**Supplied entries:**
┄┄┄┄┄┄┄┄┄┄

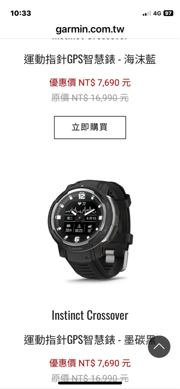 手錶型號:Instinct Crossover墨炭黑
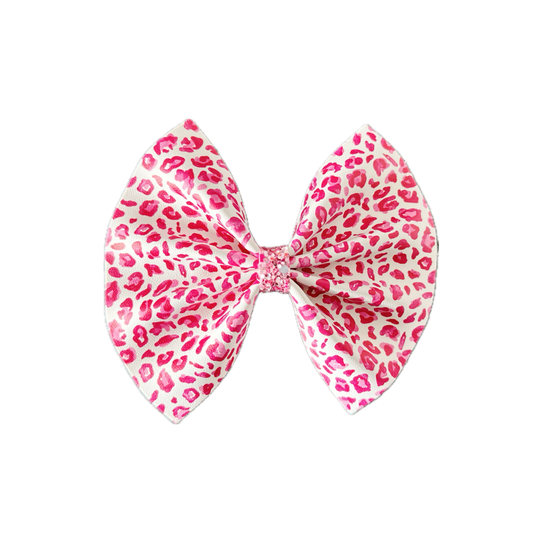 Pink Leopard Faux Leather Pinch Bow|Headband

┄┄┄┄┄┄┄┄┄┄

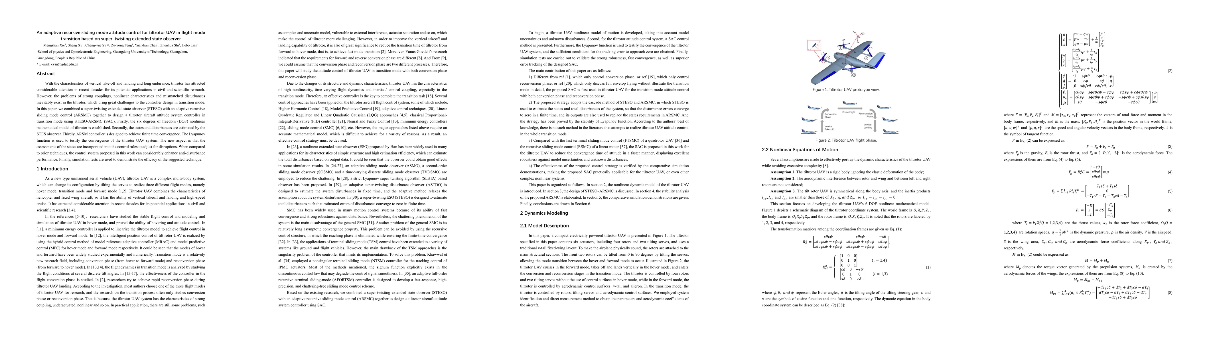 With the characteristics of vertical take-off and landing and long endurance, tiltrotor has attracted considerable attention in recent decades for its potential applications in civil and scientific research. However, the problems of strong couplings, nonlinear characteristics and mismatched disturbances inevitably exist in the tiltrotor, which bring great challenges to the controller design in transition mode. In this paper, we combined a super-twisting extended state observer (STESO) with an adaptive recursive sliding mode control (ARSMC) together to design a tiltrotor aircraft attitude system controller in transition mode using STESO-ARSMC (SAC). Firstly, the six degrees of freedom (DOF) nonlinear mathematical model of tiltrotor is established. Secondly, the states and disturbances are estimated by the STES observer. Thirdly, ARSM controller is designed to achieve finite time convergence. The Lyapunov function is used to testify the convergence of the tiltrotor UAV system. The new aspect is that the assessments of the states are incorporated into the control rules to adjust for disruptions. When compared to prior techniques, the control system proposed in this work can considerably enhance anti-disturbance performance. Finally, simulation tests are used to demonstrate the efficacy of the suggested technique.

┄┄┄┄┄┄┄┄┄┄

**Assignment:**
Pictures in the entries do not go into the copy. Print only the lines starting at the one containing "手錶型號:Instinct Crossover墨炭黑" and ending at the one containing "Pink Leopard Faux Leather Pinch Bow|Headband", exactly as they appear.

**Answer for this exercise:**
 手錶型號:Instinct Crossover墨炭黑
 Pink Leopard Faux Leather Pinch Bow|Headband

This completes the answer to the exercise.